Reservoir of carbon stored in soil entering Earth's atmosphere at increasing rate
The vast reservoir of carbon stored in the soil is entering the Earth's atmosphere at an increasing rate, most likely as a result of warming temperatures, scientists say.
Researchers from the Pacific Northwest National Laboratory (PNNL) in the US found that the rate at which microbes are transferring carbon from soil to the atmosphere has increased 1.2 percent over a 25-year time period, from 1990 through 2014.
While that may not seem like a big change, such an increase on a global scale, in a relatively short period of time in Earth history, is massive.
The finding, based on thousands of observations made by scientists at hundreds of sites around the globe, is consistent with the predictions that scientists have made about how Earth might respond to warmer temperatures.

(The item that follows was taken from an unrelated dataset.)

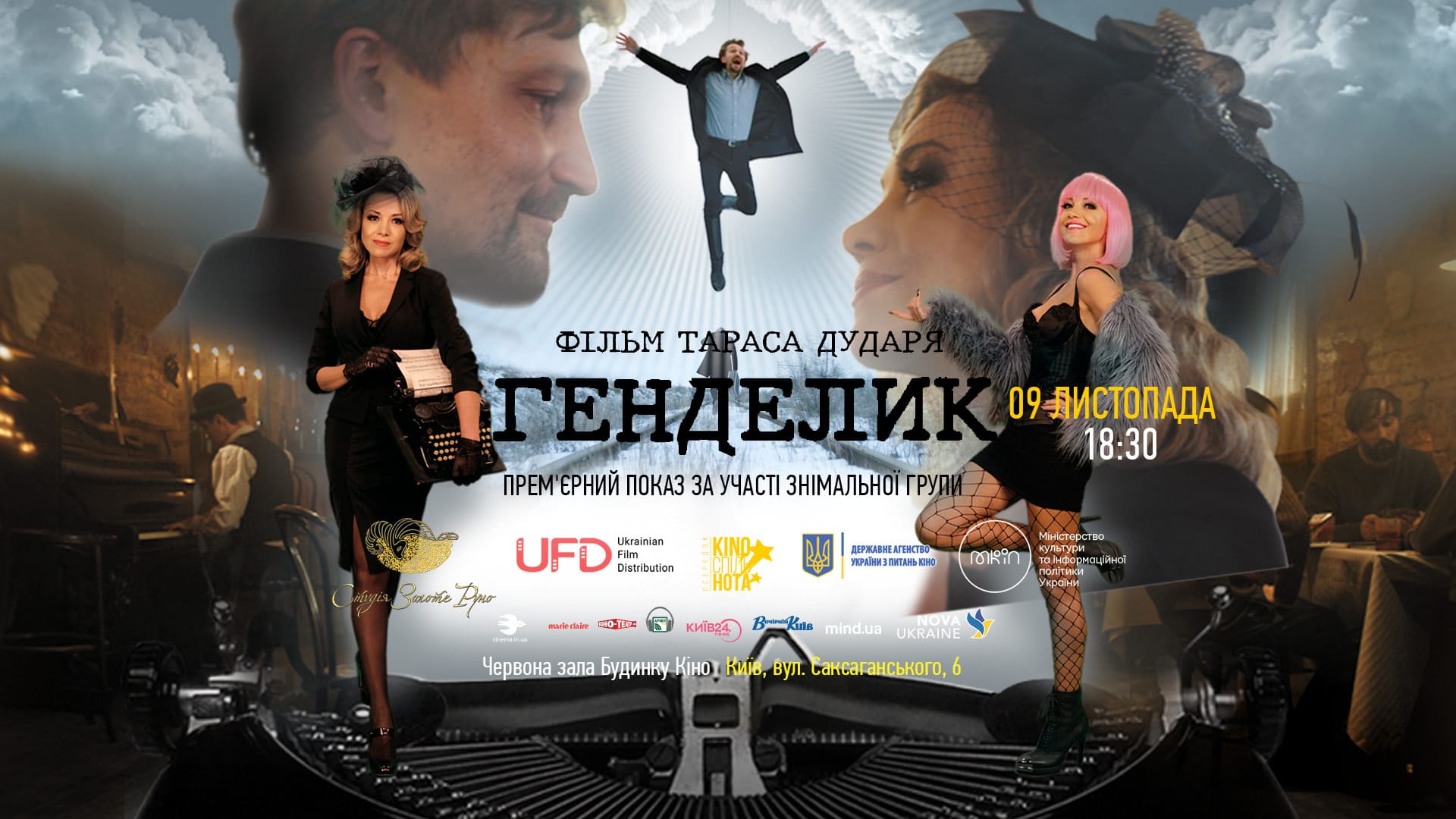 У Будинку кіно пройде прем'єрний показ комедії "Генделик" режисера Тараса Дударя. Її зняли 2019-го, але переносили через пандемію та повномасштабну війну. Розповідає про сценариста, який через творчу кризу не здає вчасно текст. Замовник — кримінальний авторитет погрожує його вбити. Герой тікає з міста й потрапляє до загадкового кафе "Генделик", де зустрічає давніх друзів і дивних незнайомців, за сюжетом. Після перегляду буде обговорення фільму з творчою групою.

"It's important to note that this is a finding based on observations in the real world. This is not a tightly controlled lab experiment," said Ben Bond-Lamberty of the Joint Global Change Research Institute.
"Depending on how other components of the carbon cycle might respond due to climate warming, these soil changes can potentially contribute to even higher temperatures due to a feedback loop," he added.
The team relied heavily on two global science networks as well as a variety of satellite observations.
The Global Soil Respiration Database includes data on soil respiration from more than 1,500 studies around the globe.
FLUXNET draws data from more than 500 towers around the world that record information about temperature, rainfall and other factors.
"Most studies that address this question look at one individual site which we understand very well," said Vanessa Bailey, a soil scientist.
"This study asks the question on a global scale. We are talking about a huge quantity of carbon. Microbes exert an outsize influence on the world that is very hard to measure on such a large scale," said Bailey.
The team sought to compare the roles of the two main contributors, increased plant growth and microbial action.
The researchers discovered a growing role for microbes, whose action is outstripping the ability of plants to absorb carbon.